Aber den Vogel schoß der britische Premierminister David Cameron ab. Großbritannien schafft es immer wieder, die Latte an Überwachungsmaßnahmen nochmal ein Stück höher zu legen. Der Vorteil der überwachungsfreundlichen Briten ist, dass sie dabei keine Verfassung und damit kein Bundesverfassungsgericht stören kann. In Großbritannien gibt es sowas nicht. Leider geriet es etwas in den Hintergrund der Snowden-Enthüllungen, dass der britische Geheimdienst GCHQ oft die Drecksarbeit für die NSA macht, zumindest nicht weniger böse. Dazu gehört auch das Echtzeit-Datenkabel-Überwachungsprogramm Tempora, was zahlreiche Unterseekabel anzapft, die über Großbritannien laufen. Und die Inhalte mindestens drei Tage speichert und rastert. Die Inhalte unserer Kommunikation.

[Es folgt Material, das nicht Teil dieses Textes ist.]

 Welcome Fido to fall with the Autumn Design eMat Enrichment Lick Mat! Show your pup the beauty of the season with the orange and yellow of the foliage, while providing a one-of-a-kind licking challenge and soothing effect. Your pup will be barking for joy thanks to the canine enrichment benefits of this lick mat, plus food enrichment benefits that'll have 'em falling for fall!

Nun gibt es den Trend, genau deswegen Kommunikation mehr zu verschlüsseln. Das ist richtig und vernünftig. Zum Glück sind die Zeiten vorbei, wo Ingenieure das bei der Konzeption von neuen Kommunikationstechnologien immer vergessen haben. Alleine die Ankündigung von „WhatsApp“, dass jetzt die Kommunikation innerhalb des Messengers verschlüsselt ablaufen soll, dürfte rund 700 Millionen Nutzer besser absichern. Aber was macht man nun als Premierminister, dessen Geheimdienst es bis vor kurzem gewöhnt war, einfach mal alle Kommunikation bequem durchschnüffeln und speichern zu können? Cameron schlägt ein Kryptoverbot vor, dass er nach seiner möglichen Wiederwahl demnächst auf den Weg bringen will.

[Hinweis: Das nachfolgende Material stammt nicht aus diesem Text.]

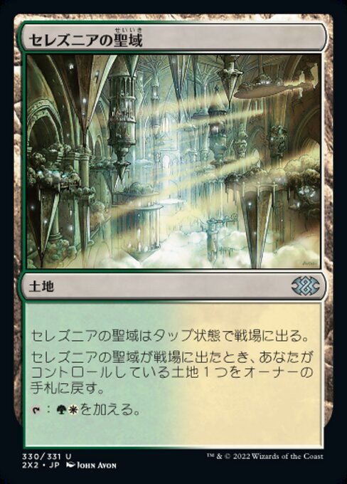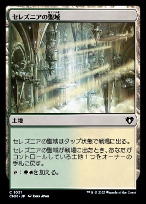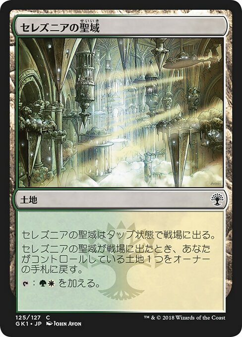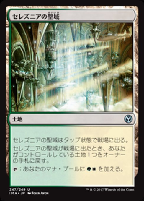 ![]() Variations— Parts— | セレズニアの聖域セレズニアの聖域はタップ状態で戦場に出る。 セレズニアの聖域が戦場に出たとき、あなたがコントロールしている土地1つをオーナーの手札に戻す。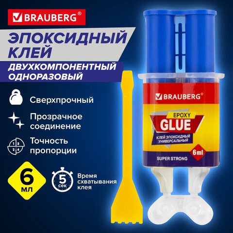 Клей универсальный эпоксидный шприц (смола+отвердитель) 3+3 мл суперпрочный, BRAUBERG EXTRA, 608104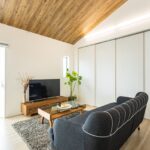 木目の下がり天井が映えるスタイリッシュなリビングに、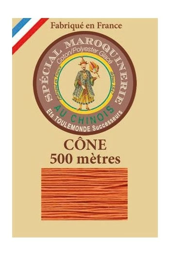 Fil maroquinerie polycoton glacé Fil Au Chinois grosseur 28/4- Oranger n° 419 – Petit cône 500 m
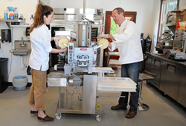 Meghan Holder and Jeff Russell work in tandem making goat cheese ravioli on Thursday afternoon at the Great Northern Pasta Company in Whitefish.

Dieser Vorschlag ist vollkommen absurd und gefährlich. Das ist damit vergleichbar, die Nutzung von Briefumschlägen zu verbieten und nur noch Postkarten zu erlauben. Unternehmen sind darauf angewiesen, dass ihre Mitarbeiter untereinander vertraulich kommunizieren können – alleine schon, um Geschäftsgeheimnisse zu sichern. Politiker sind darauf angewiesen, vertraulich miteinander kommunizieren zu können. Und wir als Privatpersonen sind darauf angewiesen, um unsere Grundrechte durchzusetzen, sicheres Onlinebanking zu betreiben und generell einfach Privatsphäre zu haben. Ebenso wie in unseren Schlafzimmern, hat David Cameron nichts in unserer Kommunikation zu suchen.
Wenn jetzt ein Nachbarstaat auf die absurde Idee kommt, Verschlüsselung zu verbieten, schädigt das nicht nur die Wirtschaft, sondern alle. Und auch die Vorratsdatenspeicherung kam über eine absurde Idee aus England später in unsere Gesetzgebung. Mit einem Kryptoverbot würde im Namen der Sicherheit mehr Unsicherheit geschaffen. Nur damit weitgehend unkontrollierte Geheimdienste mit riesigen Budgets einfach weiter überall reinschnüffeln und uns damit überwachen können.
Vielleicht haben wir ja Glück und Cameron wird nicht wiedergewählt. Damit dieser gefährliche Vorschlag im passenden Mülleimer landet.